What it argues
The Power of Habit is Charles Duhigg's investigation into why habits exist and how they can be changed. Drawing on neuroscience, psychology, and a wide range of case studies, Duhigg argues that habits are not destiny. They are encoded loops that the brain automates to save effort, and once you understand the structure of a loop you can intervene in it deliberately rather than fighting it with brute willpower.

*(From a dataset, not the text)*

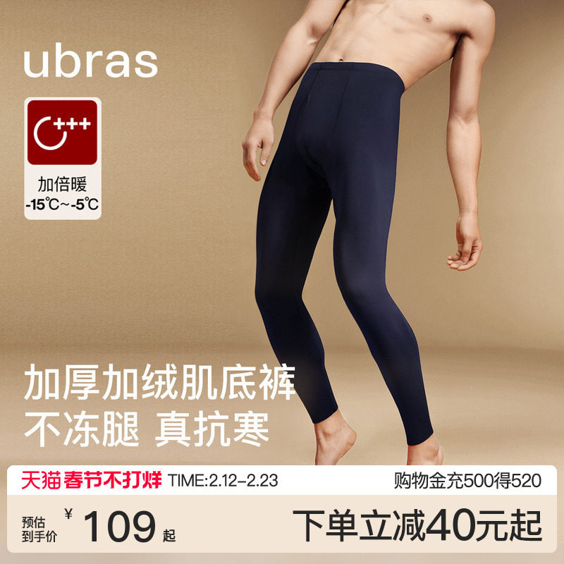 ubras保暖裤男士含羊毛秋裤男线裤羽绒化加绒加厚打底裤男青少年

The book's central framework is the habit loop: cue, routine, reward. A cue triggers an automatic behavior; the routine is the behavior itself; the reward is what the brain gets out of it and what cements the loop over time. Duhigg adds a fourth element — craving — to explain why loops persist: the brain begins anticipating the reward the moment it detects the cue, generating an urge that the routine satisfies. To change a habit, Duhigg's golden rule is to keep the old cue and the old reward but swap out the routine. The craving is the engine; you redirect it rather than try to shut it off.
What it gets right
- 1.
Habits operate as a loop: cue, routine, reward. The brain automates behaviors that reliably deliver a reward, freeing up mental bandwidth for other things.
- 2.
Craving drives the loop. Once the brain associates a cue with a coming reward, it begins anticipating that reward the moment it detects the cue. The craving is what makes habits hard to break.
- 3.
The golden rule of habit change: keep the cue and the reward, but swap out the routine. Fighting the craving directly is harder than redirecting it.
What it covers
Who wrote it
Charles Duhigg is a Pulitzer Prize-winning journalist and author who spent over a decade at The New York Times covering business and economics. The Power of Habit, published in 2012, became a New York Times bestseller and is widely used in business schools and corporate training programs. His second book, Smarter Faster Better (2016), applies a similar reporting-driven approach to the science of productivity. Duhigg has also written for The New Yorker and produces the podcast How to Change. He studied history at Yale and received an MBA from Harvard Business School.